Quote the data below in full, minus the images.

Supplied records section start

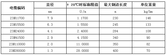 | 代號 | 芯線材質 | 電阻率Ωmm2/m |
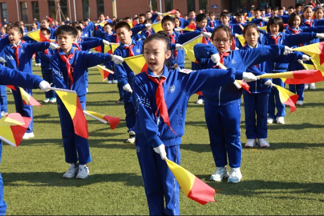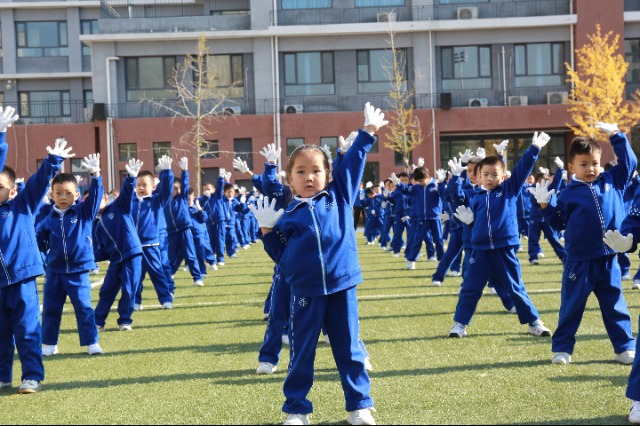 活動中,學校教師王楠通過隱身戰機的設計,引導孩子發現并解決問題,并結合動手操作,提升學生的認知和思考,促進學生應用能力的提升。在學生科技綜合實踐活動環節中,展示了“海”——帆船競速賽,“陸”——無人機穿越飛行,“空”——氣壓動力飛機、海空衛士艦載機、回旋飛機等“海陸空”三位一體的國防科技教育體系。此外,學校還設計并打造了科技長廊,將國防教育浸潤于學生的日常生活。學校體育教師還將國防教育與體育運動相結合,創編了系列國防健身操。
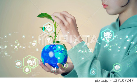 植物の生えた地球を持つ女の子 環境コンセプトビジュアル
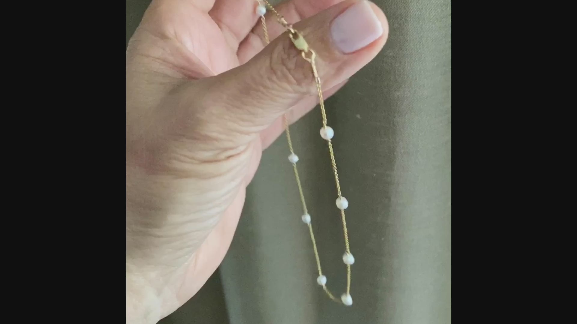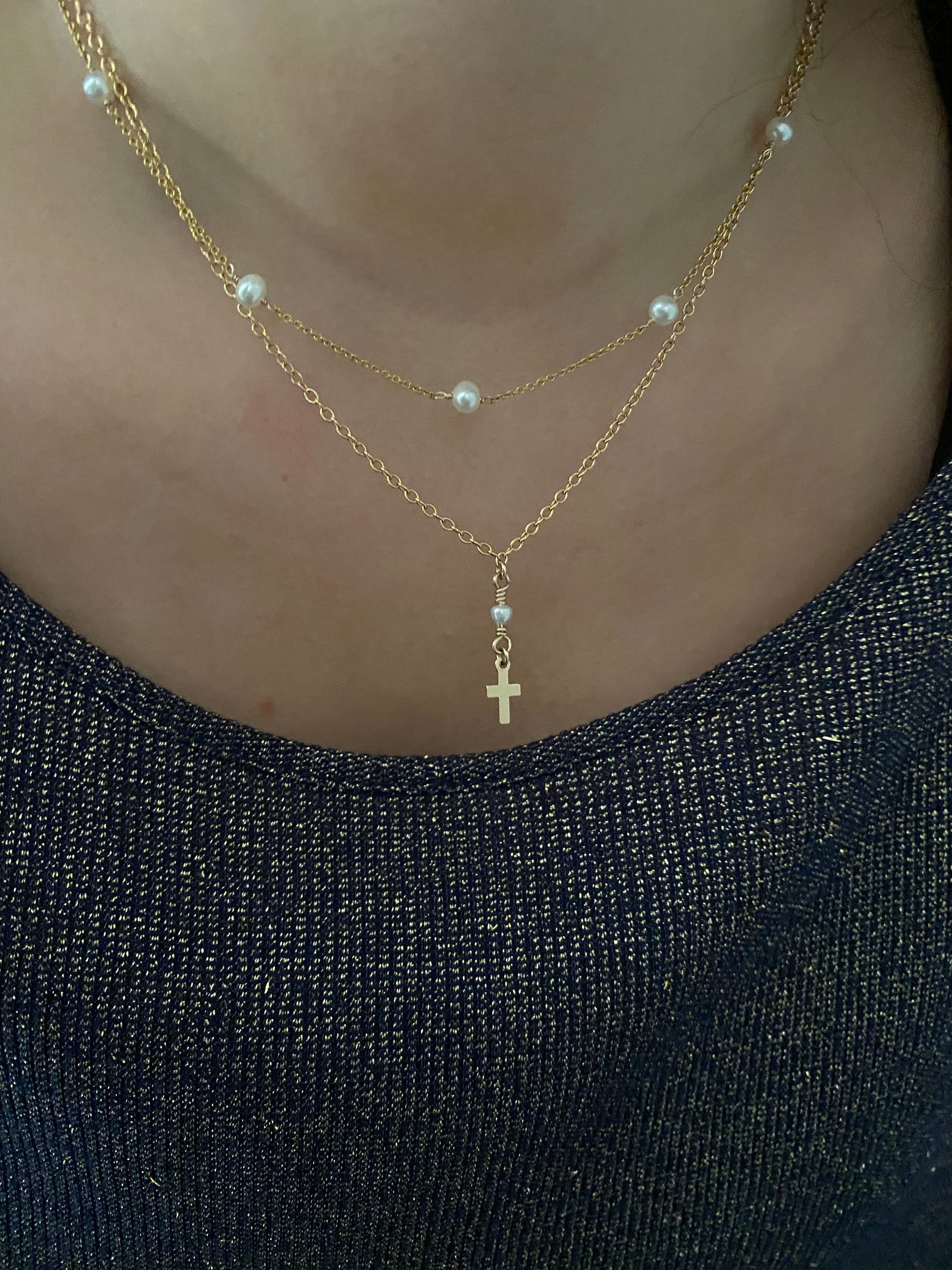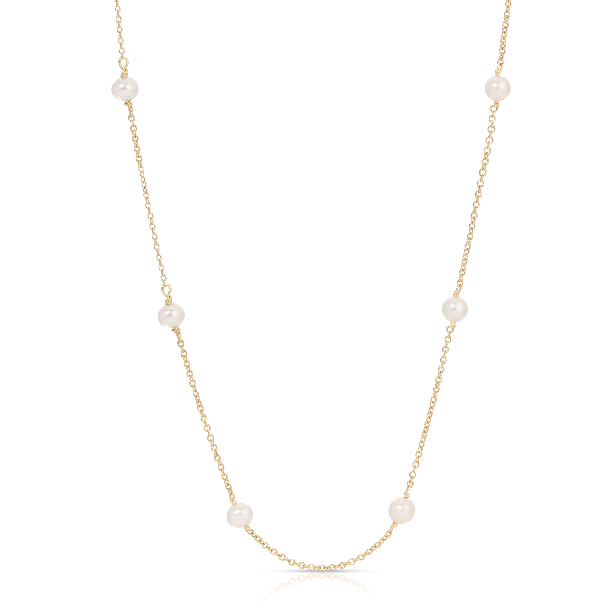 This versatile pearl necklace features 12 freshwater pearls hand-wired into a 14KT Gold filled chain with lobster clasp closure. Measures 17” from end to end.
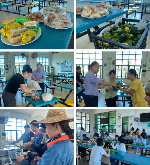 工會還在飯堂精心準備了點心、鮮果、防暑藥品等物資,并提前開啟食堂通風與制冷設備進行室內降溫,確保員工們在休息時刻能感受到家的溫暖。當員工們疲憊歸來,眼前溫馨的一幕令他們十分感動,臉上洋溢著感激的笑容。工會主席向大家分發橘子和點心,并表達了誠摯的關懷:“所有在酷暑中辛勤工作的員工們辛苦了,愿這份小小的關懷,能讓大家感受到溫暖。”康芝藥業海南區工會以實際行動詮釋了本次康芝藥業海南生產基地復工復產工作的力量、速度與溫情。
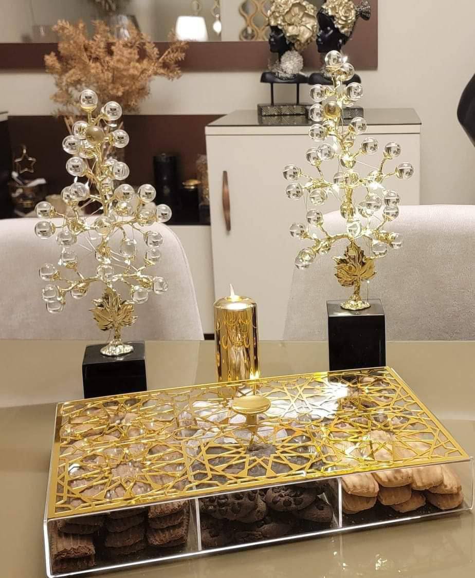 علبة تقديم فاخرة مصنوعة من الأكريليك الشفاف بتصميم أنيق ومقسم داخليًا إلى 6 خانات مع غطاء أربيسك باللون الذهبي تضيف لمسة راقية للمائدة مثالية لتقديم الكحك والتسالي والبسكويت والمكسرات كما تضيف لمسة ديكور أنيقة في المناسبات والعزومات
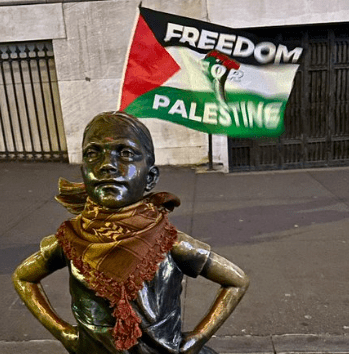 Supporter of Hamas Attack on Israel Adorns NYC’s “Fearless Girl” Statue in Pro-Terror Regalia
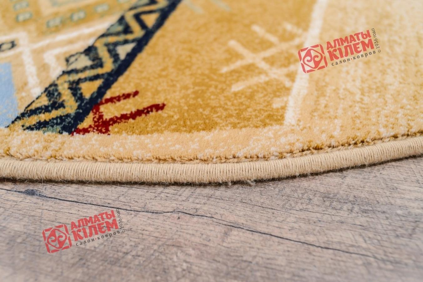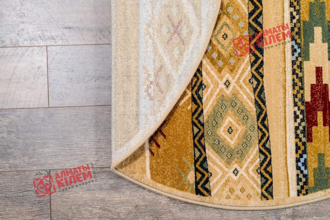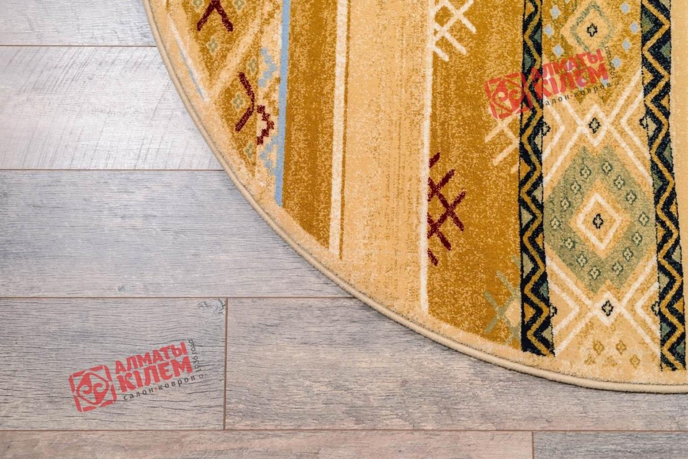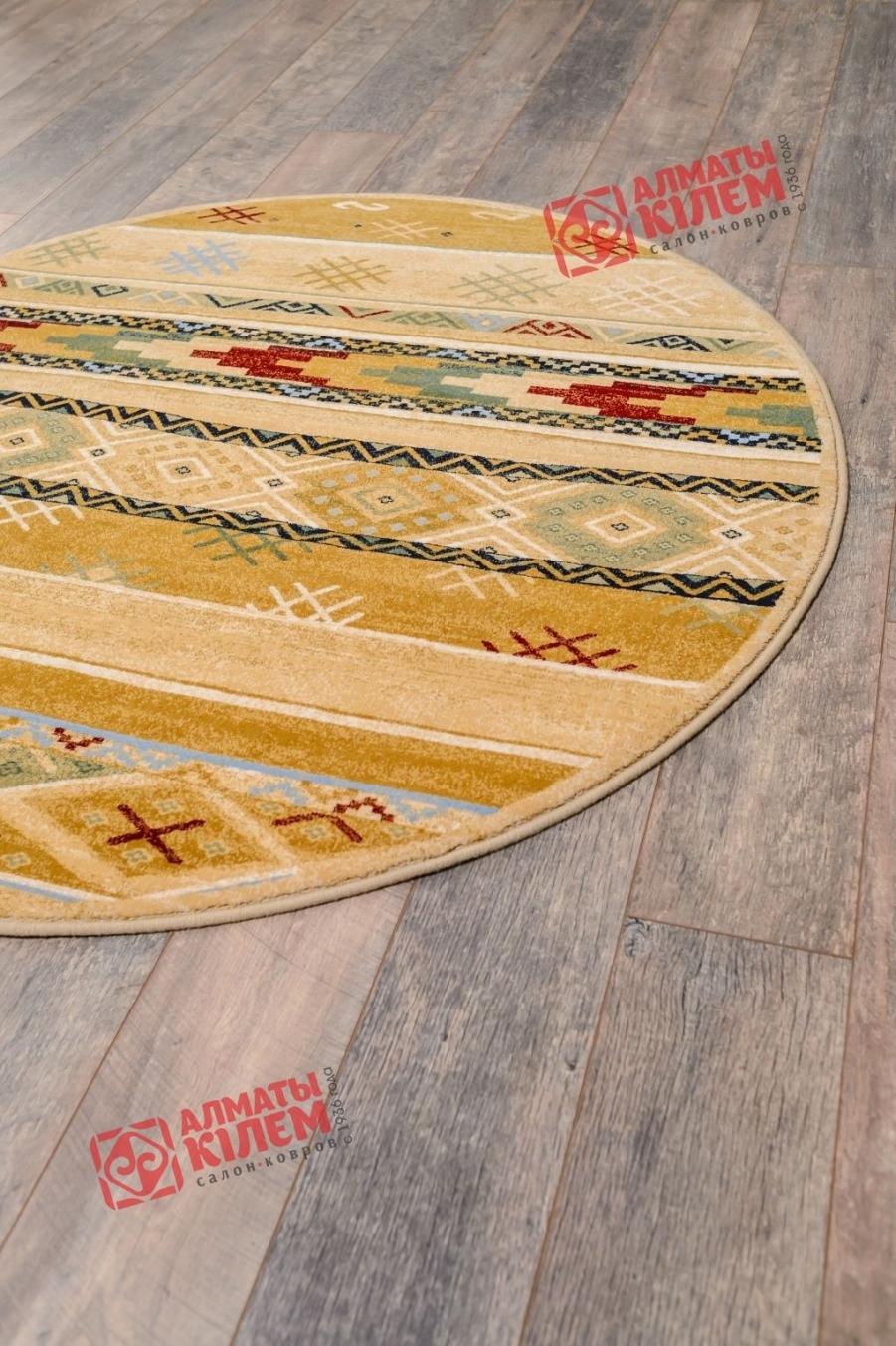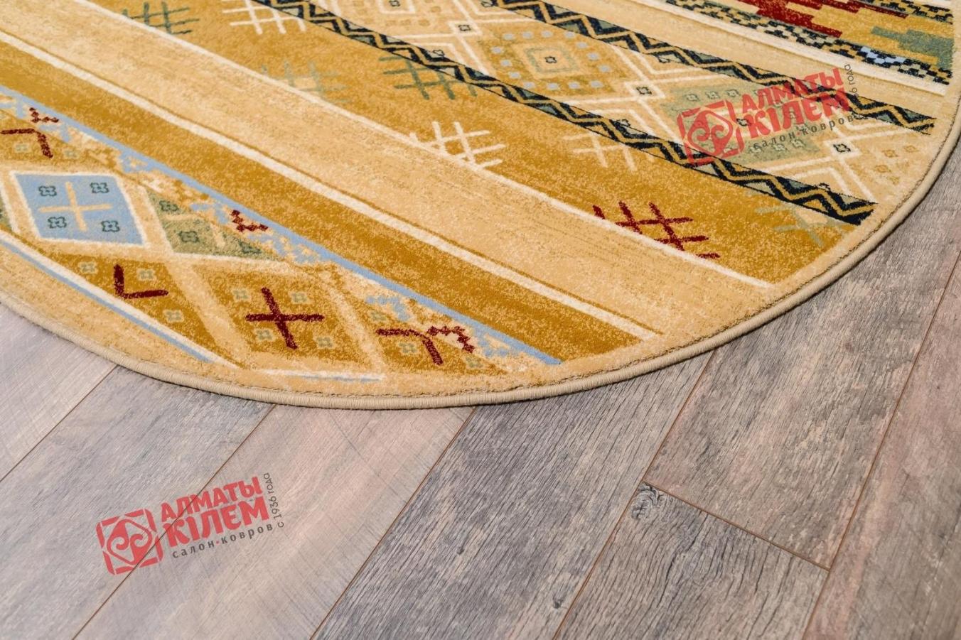 Невероятно красивый круглый шерстяной ковер молдавского производства из коллекции «Bella» — это покрытие, которое украсит собой интерьеры гостиных комнат, спален, столовых, кухонь, прихожих. Не менее красиво изделие будет смотреться в личном кабинете руководителя или офисе. Выполненный из натуральной шерсти без примесей, он создает поистине комфортную и уютную обстановку. Напольное покрытие не только красиво. Оно прекрасно поддерживает полы теплыми и способствует снятию усталости. Бежевый ковер декорирован геометрическим узором с легкими нотками этнических мотивов. Он отличается разнообразием. Каждая полоска, украшающая полотно, представлена своим орнаментом.
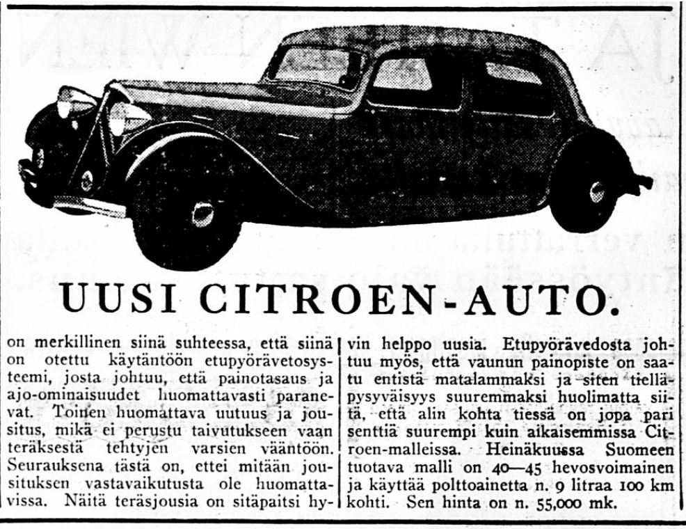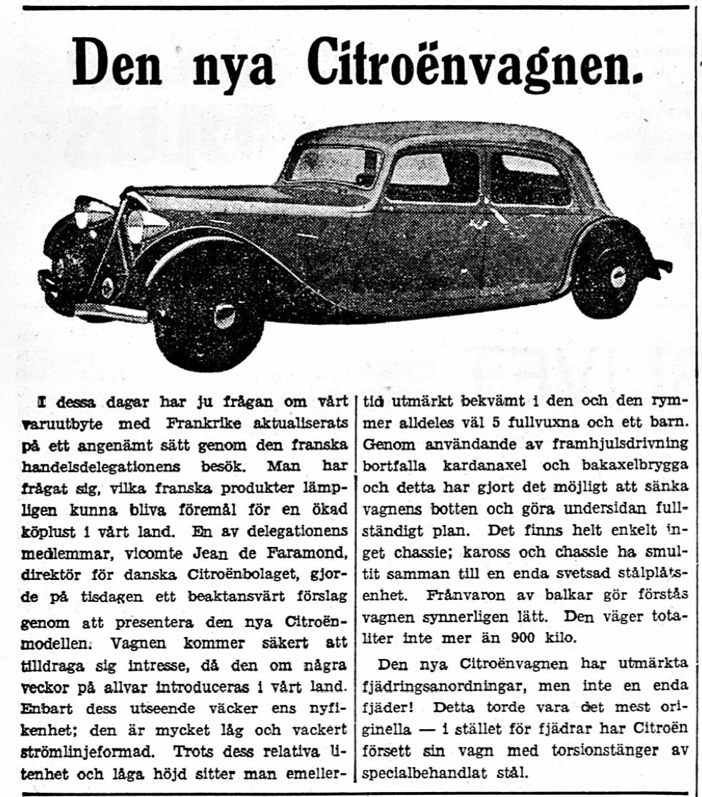 Citroën Traction Avant oli monella tapaa rakennettu totutun autonrakennustavan vastaisesti. Tähän päätelmään tulee luettuaan Helsingin Sanomien toimittajien tutustumisesta autoon 20. kesäkuuta 1934. Samana päivänä uutuudesta kerrottiin myös muissa päälehdissä.

Supplied records section end

● **Answer section**
 | 代號 | 芯線材質 | 電阻率Ωmm2/m |
 活動中,學校教師王楠通過隱身戰機的設計,引導孩子發現并解決問題,并結合動手操作,提升學生的認知和思考,促進學生應用能力的提升。在學生科技綜合實踐活動環節中,展示了“海”——帆船競速賽,“陸”——無人機穿越飛行,“空”——氣壓動力飛機、海空衛士艦載機、回旋飛機等“海陸空”三位一體的國防科技教育體系。此外,學校還設計并打造了科技長廊,將國防教育浸潤于學生的日常生活。學校體育教師還將國防教育與體育運動相結合,創編了系列國防健身操。
 植物の生えた地球を持つ女の子 環境コンセプトビジュアル
 This versatile pearl necklace features 12 freshwater pearls hand-wired into a 14KT Gold filled chain with lobster clasp closure. Measures 17” from end to end.
 工會還在飯堂精心準備了點心、鮮果、防暑藥品等物資,并提前開啟食堂通風與制冷設備進行室內降溫,確保員工們在休息時刻能感受到家的溫暖。當員工們疲憊歸來,眼前溫馨的一幕令他們十分感動,臉上洋溢著感激的笑容。工會主席向大家分發橘子和點心,并表達了誠摯的關懷:“所有在酷暑中辛勤工作的員工們辛苦了,愿這份小小的關懷,能讓大家感受到溫暖。”康芝藥業海南區工會以實際行動詮釋了本次康芝藥業海南生產基地復工復產工作的力量、速度與溫情。
 علبة تقديم فاخرة مصنوعة من الأكريليك الشفاف بتصميم أنيق ومقسم داخليًا إلى 6 خانات مع غطاء أربيسك باللون الذهبي تضيف لمسة راقية للمائدة مثالية لتقديم الكحك والتسالي والبسكويت والمكسرات كما تضيف لمسة ديكور أنيقة في المناسبات والعزومات
 Supporter of Hamas Attack on Israel Adorns NYC’s “Fearless Girl” Statue in Pro-Terror Regalia
 Невероятно красивый круглый шерстяной ковер молдавского производства из коллекции «Bella» — это покрытие, которое украсит собой интерьеры гостиных комнат, спален, столовых, кухонь, прихожих. Не менее красиво изделие будет смотреться в личном кабинете руководителя или офисе. Выполненный из натуральной шерсти без примесей, он создает поистине комфортную и уютную обстановку. Напольное покрытие не только красиво. Оно прекрасно поддерживает полы теплыми и способствует снятию усталости. Бежевый ковер декорирован геометрическим узором с легкими нотками этнических мотивов. Он отличается разнообразием. Каждая полоска, украшающая полотно, представлена своим орнаментом.
 Citroën Traction Avant oli monella tapaa rakennettu totutun autonrakennustavan vastaisesti. Tähän päätelmään tulee luettuaan Helsingin Sanomien toimittajien tutustumisesta autoon 20. kesäkuuta 1934. Samana päivänä uutuudesta kerrottiin myös muissa päälehdissä.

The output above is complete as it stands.